Broady Veteran's Court case dismissal

On the campaign trail, Flynn Broady promised he would take a less punitive approach with nonviolent offenders if elected Cobb’s new district attorney.

Cobb District Attorney Flynn Broady is creating an “expungement help desk” that will assist those with criminal records in getting those records restricted or sealed “as Georgia law allows,” his office announced Monday.

The help desk will be the first of its kind in Georgia, according to his office, and will be staffed by lawyers and volunteers trained by the nonprofit Georgia Justice Project.

It will be housed in the circuit defender’s office and is expected to launch later this year, but a specific timeframe was not mentioned in the office’s announcement.
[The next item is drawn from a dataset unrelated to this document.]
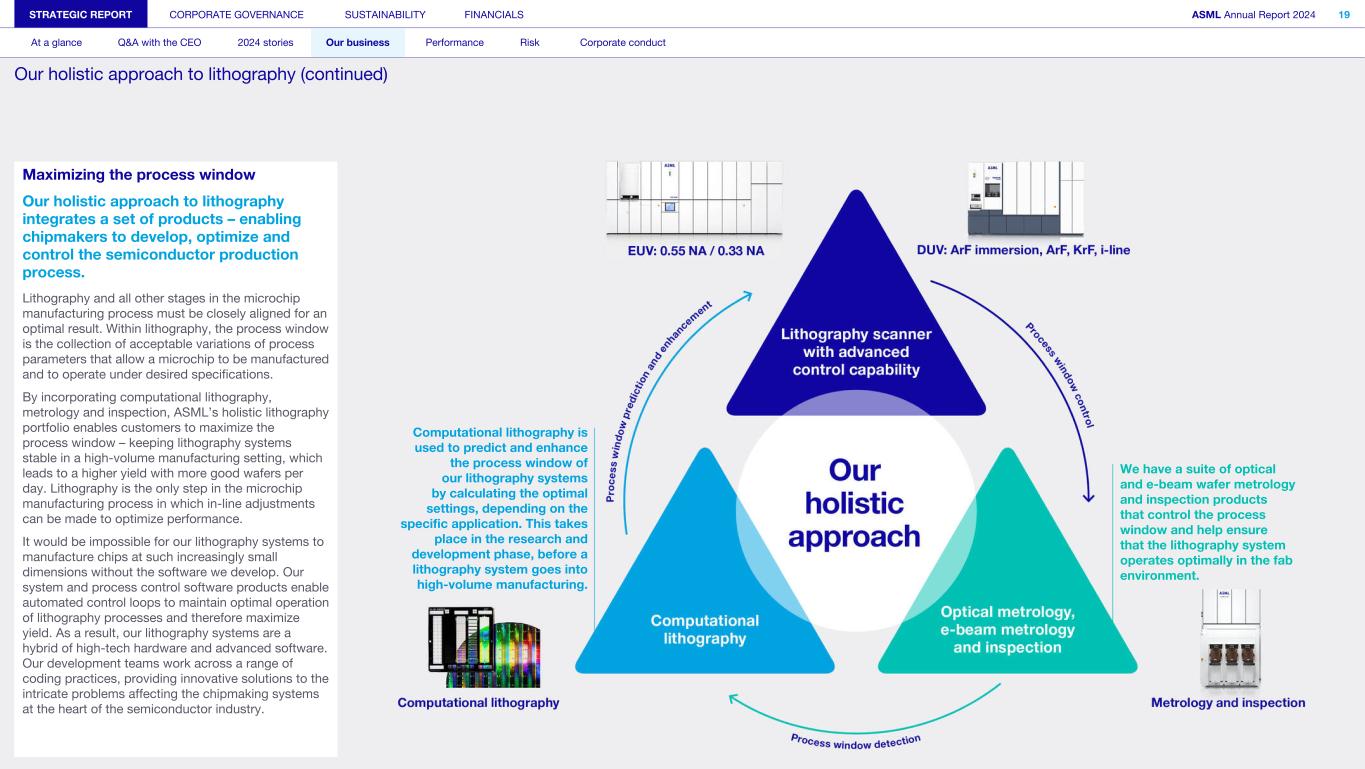Maximizing the process window Our holistic approach to lithography integrates a set of products – enabling chipmakers to develop, optimize and control the semiconductor production process. Lithography and all other stages in the microchip manufacturing process must be closely aligned for an optimal result. Within lithography, the process window is the collection of acceptable variations of process parameters that allow a microchip to be manufactured and to operate under desired specifications. By incorporating computational lithography, metrology and inspection, ASML’s holistic lithography portfolio enables customers to maximize the process window – keeping lithography systems stable in a high-volume manufacturing setting, which leads to a higher yield with more good wafers per day. Lithography is the only step in the microchip manufacturing process in which in-line adjustments can be made to optimize performance. It would be impossible for our lithography systems to manufacture chips at such increasingly small dimensions without the software we develop. Our system and process control software products enable automated control loops to maintain optimal operation of lithography processes and therefore maximize yield. As a result, our lithography systems are a hybrid of high-tech hardware and advanced software. Our development teams work across a range of coding practices, providing innovative solutions to the intricate problems affecting the chipmaking systems at the heart of the semiconductor industry. STRATEGIC REPORT CORPORATE GOVERNANCE SUSTAINABILITY FINANCIALS ASML Annual Report 2024 19 At a glance Q&A with the CEO 2024 stories Our business Performance Risk Corporate conduct Our holistic approach to lithography (continued) Computational lithography is used to predict and enhance the process window of our lithography systems by calculating the optimal settings, depending on the specific application. This takes place in the research and development phase, before a lithography system goes into high-volume manufacturing. We have a suite of optical and e-beam wafer metrology and inspection products that control the process window and help ensure that the lithography system operates optimally in the fab environment.

“This is justice in action,” Broady said in a prepared statement. “Removing barriers that keep nonviolent people from being productive members of society benefits everyone.”

“Expungements must be done in the jurisdiction where the charge originated,” Cobb District Attorney spokeswoman Kim Isaza said in an email. “So, Cobb officials can only process requests for expungements (aka record restrictions) for charges that started with a Cobb-based law enforcement agency.”

Expungement refers to the process of sealing arrest and conviction records. In other words, once an arrest or conviction has been expunged, it need not be disclosed, including to potential employers or landlords.

State lawmakers recently expanded the pool of people eligible for records expungement.

“Georgia law has long allowed records of misdemeanor and felony arrests that did not result in convictions to be expunged,” Broady’s office said in its announcement of the help desk. The state’s “Second Chance Law,” which took effect Jan. 1, extends the possibility of expungement to those with nonviolent misdemeanor convictions and some people with pardoned felony convictions.

“Prosecutors and court clerks cannot give legal advice, and many people are in limbo if they can’t afford to pay an attorney to navigate the additional, cumbersome process required for record restriction,” Cobb Solicitor General Barry E. Morgan said in a prepared statement. “This service will help fill a gaping hole.”